The McGill Clinical Innovation Competition (CLIC) was launched five years ago by the Faculty of Medicine and Health Sciences to inspire innovative thinkers to conceive and develop promising ideas with the potential to have a direct and positive impact on healthcare. To date, over 35 forward-thinking start-ups have received expert services and support from this annual competition, thanks to the generosity of sponsors and partners in the McGill innovation ecosystem.

“I believe that the McGill CLIC is a great opportunity for professionals and students from different backgrounds to work together. Health sciences, business and engineering can utilize the expertise and viewpoints of each stakeholder to generate new ideas and solutions to improve patient care and save lives,” says McGill alumna, Marika Zelenka Roy, BEng’61, who established two prizes in partnership with CODE LiFE The Montreal General Hospital Foundation.

AFX Medical won the Marika Zelenka Roy Innovation Prize at the 2022 McGill CLIC. This award recognizes the best solution to an unmet clinical need for the care of a patient with the highest likelihood of success in being translated.

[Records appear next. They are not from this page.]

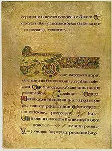 Kells Abbey was plundered and pillaged by Vikings many times in the 10th century, and how the book survived there is not known.[10] The earliest historical reference to the book, and indeed to the book's presence at Kells, can be found in a 1007 entry in the Annals of Ulster. This entry records that "the great Gospel of Columkille, (Columba)[11] the chief relic of the Western World, was wickedly stolen during the night from the western sacristy of the great stone church at Cenannas on account of its wrought shrine".[1][12] The manuscript was recovered a few months later—minus its golden and bejewelled cover—"under a sod".[13] It is generally assumed that the "great Gospel of Columkille" is the Book of Kells.[14] If this is correct, then the book was in Kells by 1007 and had been there long enough for thieves to learn of its presence. The force of ripping the manuscript free from its cover may account for the folios missing from the beginning and end of the Book of Kells. The description in the Annals of the book as "of Columkille"—that is, having belonged to, and perhaps being made by Columba—suggests that the book was believed at that time to have been made on Iona.[15]
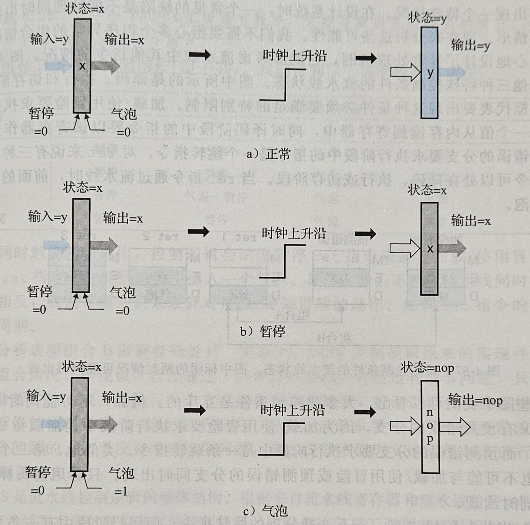 为了能够控制流水线,我们会为流水线引入几个机制,分别是正常,暂停和气泡,这三种模式分别会对流水线寄存器产生以下影响:
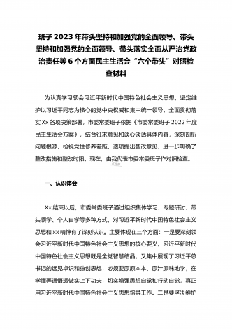 领导干部2023年带头坚持和加强党的全面领导、带头牢记我们党是什么、带头发扬斗争精神,防范化解风险挑战等方面专题民主生活会“六个带头”对照检查发言材料三篇【供参考】书记2022年专题民主生活会“六个带头”对照检查发言材料根据市纪委、市委组织部《关于开好2022年度县以上党和国家机关党员领导干部民主生活会的通知》要求,近期,我紧扣会议主题,深入学习XX精神,系统学习习近平新时代中国特色社会主义思想,并积极参加中心组集中学习和研讨活动,紧密结合个人思想工作实际,通过征求意见、谈心交流和个人自查,深入...
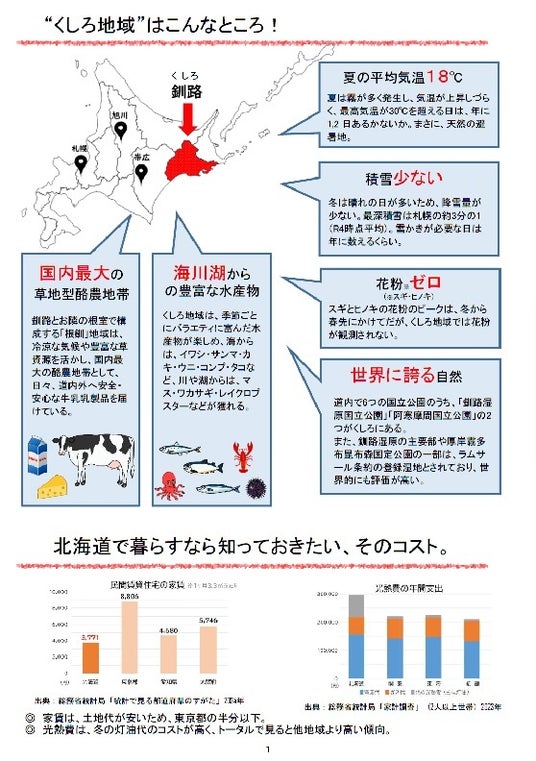 春は花粉0(スギ・ヒノキが自生していません)、夏は天然の避暑地(釧路市の8月の平均気温は18度)、秋から冬は晴天の日が多く、積雪も北海道の中では少ないなど、とても過ごしやすい地域で、豊かな自然や良質な食材にも恵まれています。
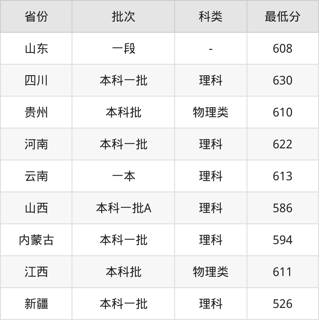 4、云南省(一本)
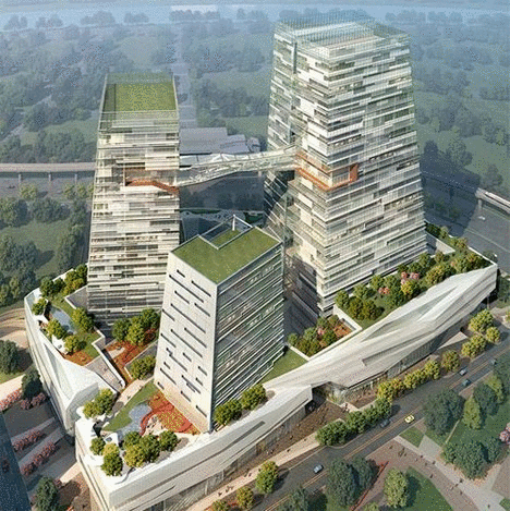 “城市森林塔”由中国MAD建筑事务所设计,它看起来就像是一座城市山峰。“城市森林塔”有70多层,每一层都呈现出形态不一的波浪形,所有窗户均是落地窗。这种奇怪的造型可以使得其中的花园天井照射到足够的太阳光线。这种设计理念既考虑到了城市的特点,同时又拥有了原野的气息。
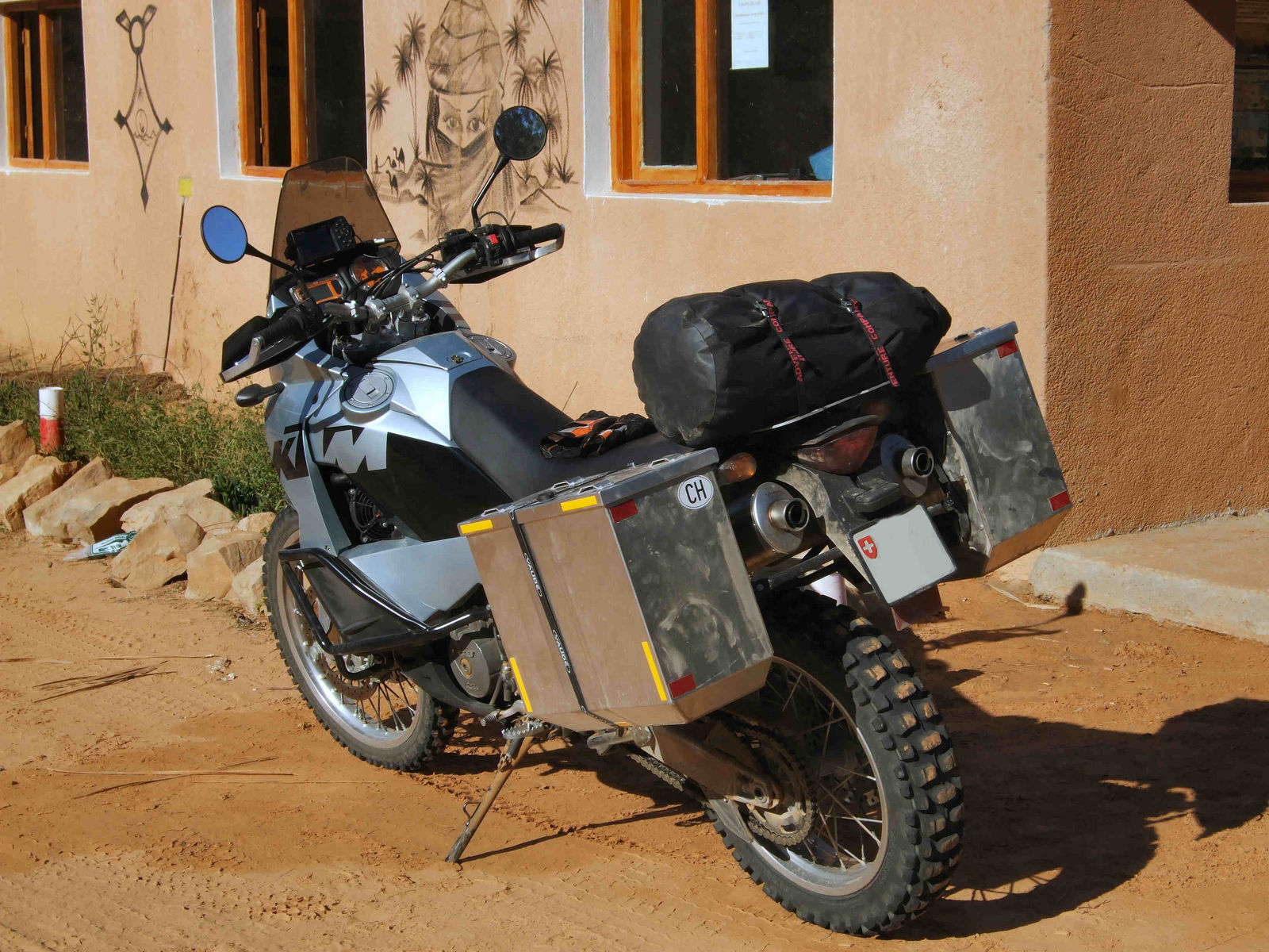 Alternative: Mit zwei Spanngurten kannst Du die Koffer auch direkt am Träger festmachen und die runden, schwarzen Scheiben des Befestigungssatzes von hinten dran halten. Ich hab' dann mit einem mit Farbe getränkten Wattestäbchen durch die Bohrungen hindurch die Bohrstellen markiert ...
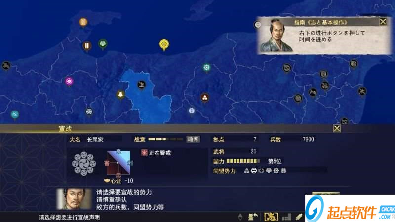 选择要宣战的实力,请慎重确认敌方的兵书,同盟势力等。
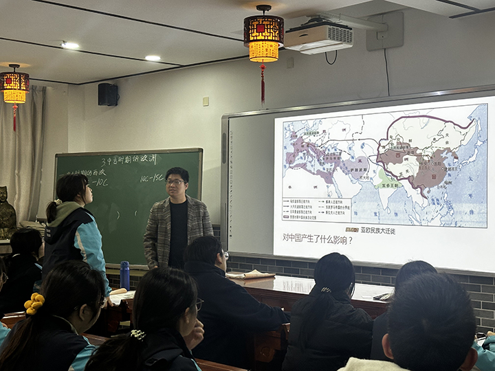 杨添翼与魏金龙老师围绕《两次鸦片战争》开展同题异构教学。杨老师以礼仪之争、起因之争、利益之争、文明之争为线索,层层深入,在叙事中引导学生思考战争背后的文明冲突,课堂富有故事性与思辨性;魏老师则以中英战前武器对比为切入点,打破思维定式,激发学生探究兴趣,逐步展开对战争背景与影响的剖析,教学思路清晰、层次分明。毛园老师与江苏省华罗庚中学汪美良老师就《中古时期的欧洲》进行同课异构展示。毛园老师从经济发展视角出发,引导学生探究经济基础对欧洲政治与文化形态的影响,注重史料实证与唯物史观的融合;汪美良老师则以文化变迁为主线,通过分析中古前后期文化的演变,反推政治与经济领域的深层变动,并在东西欧比较中凸显文明发展的多元特点,课堂构思巧妙,前后呼应。
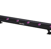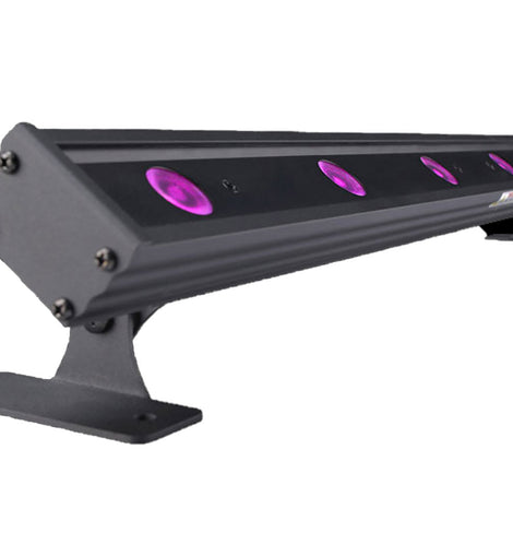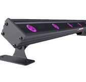 The Antari DFXL510 is an indoor-rated professional high-output UV LED wash strip, well suited for UV reactive material, art, amusement park displays, and signage with bright and vivid colors. The 6 x 1.9W high-power UV LEDs offer a peak wavelength of 365nm and a radiant flux output of 4500mW at full intensity (and minimal visible light). The fixture provides a 25° beam angle and is flicker-free for TV and film production. Special optics prevent wear degradation from high UV exposure. The aluminum extruded housing features two built-in adjustable brackets. A 22 AWG power/data bare-wire-end pigtail cable is attached on the back and connects to the Antari DarkFX Drive 4 fixture driver (sold separately), which is required for power and DMX control.
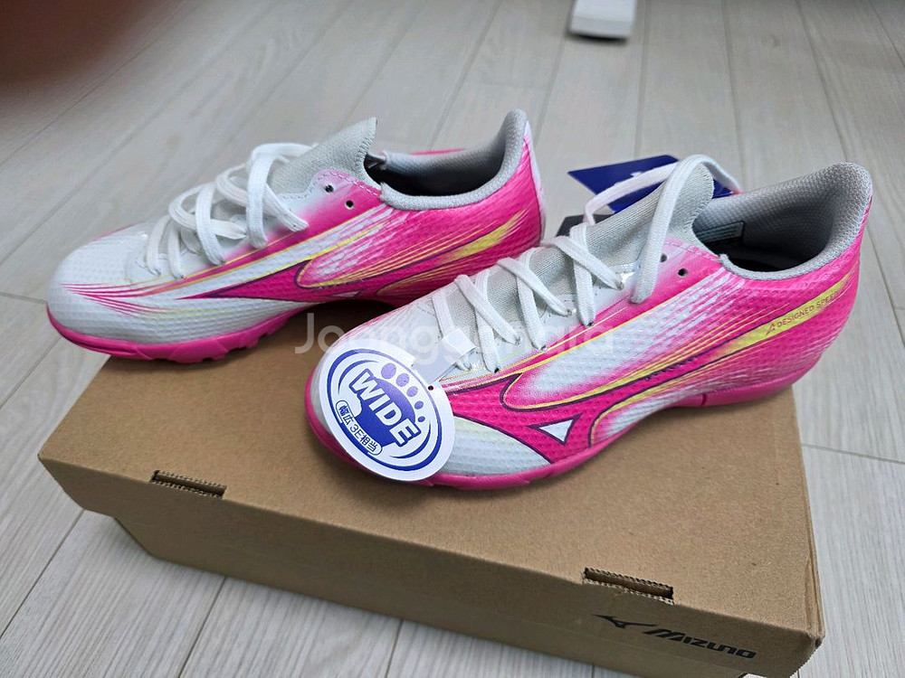 새 상품 미즈노 알파3 셀렉트 주니어 AS 유소년 축구화 210 사이즈 판매해요. 터프화라 인조잔디용또 훈련용으로 신기 좋은 축구화에요. 핑크 색상에 와이드 모델이라 발볼 넓은 아이들도 편하게 신을 수 있어요 일본에서 구매해서 한번도 사용하지 않는 박스 포함한 새제품입니다 평택 고덕동과 저녁시간 강남역 인근 직거래 가능합니다. 직거래는 3천원 더 빼드릴게요.
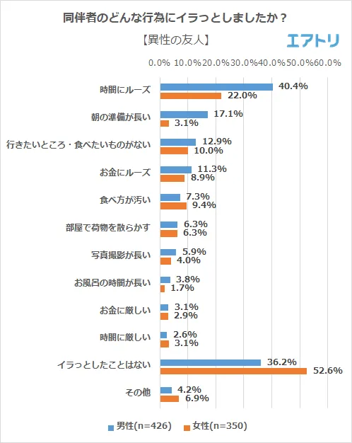 ―家族・親族、恋人・パートナー、同性の友人、異性の友人、同僚との旅行で最もイラっとする行為は「時間にルーズ」となりました。特に男性の方が「時間にルーズな旅行同伴者にイラっとする」と回答した人が多い結果となりました。
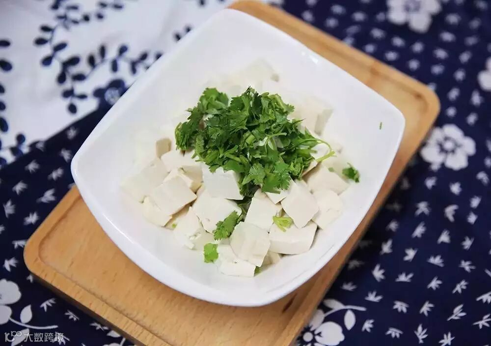 小贴士:豆腐最好开水焯烫一下,晾凉后再拌制。
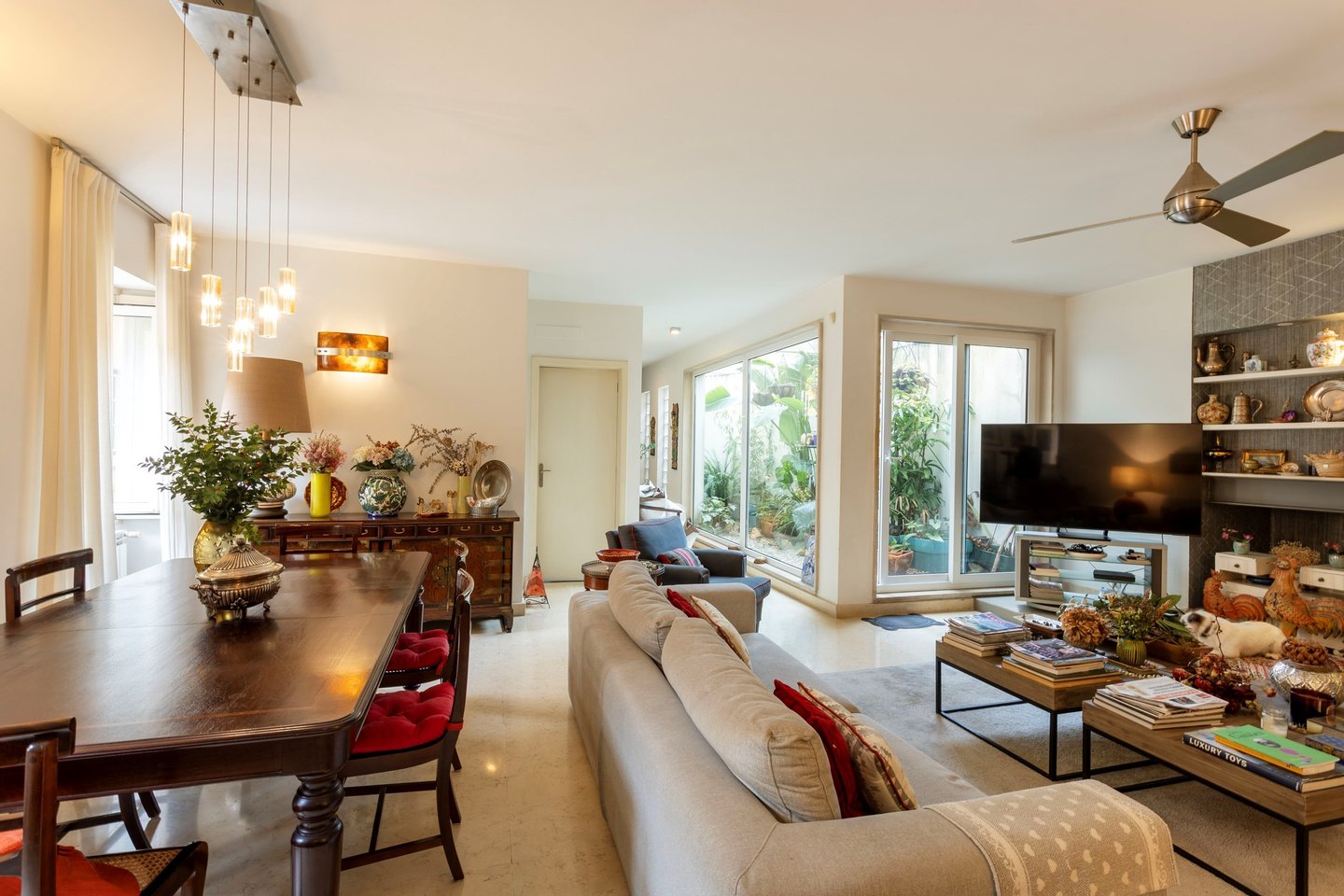 Reihenhaus mit 6 Schlafzimmern und zwei Suiten, Garage und Wintergarten, das natürliches Licht ins Wohnzimmer spendet, gelegen in Santos-o-Velho, weniger als 200 Meter von der französischen Botschaft entfernt, in einem der authentischsten, sichersten und wertvollsten Wohngebiete Lissabons.
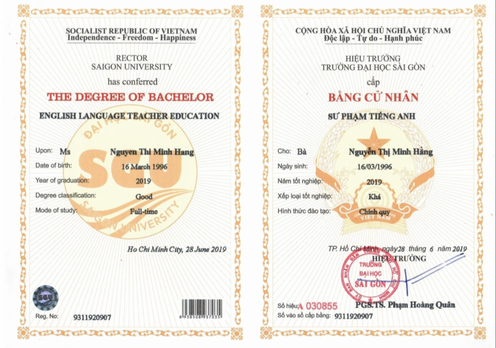 Lưu ý: Khi cần làm bằng đại học Sài Gòn, bạn nên chọn các bằng tốt nghiệp sau năm 2020. Vì chúng tôi cung cấp bằng kèm hồ sơ gốc tại trường, bao gồm: bảng điểm, mã số sinh viên, học bạ,… Điều này đảm bảo việc kiểm tra bằng cấp được chính xác và tiện lợi nhất.

Neuropsychiatrist Simon Ducharme, MD, Associate Professor in the Department of Psychiatry at the Douglas Mental Health University Institute and The Neuro (Montreal Neurological Institute-Hospital), is one of the co-founders of AFX Medical, created to leverage artificial intelligence (AI) for the development of products that improve clinical care in brain disorders. He explains how innovative deep learning methods can be used to develop algorithms that will detect and track brain metastases on magnetic resonance imaging (MRI) with a high degree of accuracy.

What clinical need does your solution aim to solve and why is this important?

In the field of radiology, early detection of small anomalies like cancerous lesions on MRI scans is an important component of the daily activity of radiologists. When it comes to brain imaging and cancer patients, radiologists are asked to read MRI scans at different times of the patient’s care: at first to identify potential cancerous lesions in the brain, including brain metastases that come from a primary cancer in another organ that has spread to the brain, then to follow-up on those lesions after they have been treated (either locally or systemically).

One patient can have numerous brain metastases in his/her brain (more than a dozen) and the challenge radiologists face is to detect all the brain metastases without missing any—in particular the small ones, smaller than a pea—and to be able to assess their evolution (like their size) over time, after the patient has received treatment. This task is time-consuming and error-prone.

We are proposing a software solution that will help the radiologists to automatically detect and measure all the metastases. This software is considered a medical device and will provide the radiologists with the brain metastases characteristics, like their number, size and localization in the brain. That information will be a support for better treatment decisions and tracking of those lesions between treatment sessions.

 What led you to develop this concept? 

In the field of medical imaging research, there are a lot of advanced technologies and new methods being published by peers, but those new techniques almost never reach clinicians in real life. This creates a feeling of frustration as you don’t understand how—even though the research is flourishing, with dozens of articles being published on promising new lesion detection tools—no actual products are being put on the market.

At AFX Medical, we have medical advisors working with cancer patients, and this need for better cancerous brain lesion detection (especially smaller lesions), and their follow-up across time, has been raised as a major problem in need of a technical solution.

How will your clinical solution change or impact patient care?

By allowing clinicians to automatically detect smaller lesions and track them over time, they will select more appropriate treatment plans for their patients, such as more local radiation therapy treatments that have fewer side effects than less specific whole brain radiotherapy treatment plans. We further hope that his product will lead to less repeated interventions on the patients due to missed metastases. Overall, our solution aims to offer a better treatment course for cancer patients and reduce workload for doctors.

What resources offered by CLIC and the McGill ecosystem did you find particularly helpful, or are you most excited about, with respect to developing your concept?

We are looking forward to growing our network of clinicians and potential research partners within the McGill ecosystem to keep developing our products.

AFX Medical is currently working in “virtual office” mode, and the office and meeting space at the Clinical Innovation Platform (offered as part of the CLIC prize package) is a nice option for us to have when it comes to gathering the team.

What are some of your plans moving forward?

We are in the final steps to finish our first software prototype and we are planning to test it in a “real life” clinical setting to assess its performances and clinical value. We are confident that our solution will help radiologists to be even better at detecting small brain metastases, allowing them to choose the best treatment for their patients while saving time.

Moving forward, we are also getting ready to submit our product to the health regulatory authorities to get approval in order to start offering our product to the market.

What advice would you give to aspiring clinical innovators?

One of the most important pieces of advice is to be well aware of the clinical reality and to listen carefully to potential users’ opinions and feedback. It is easy to develop a product that might end up being too complex or not useful to healthcare professionals even though its technology is revolutionary.

Overall, patience and tenacity are key, along with the ability to acknowledge when it is time to shift direction or gears.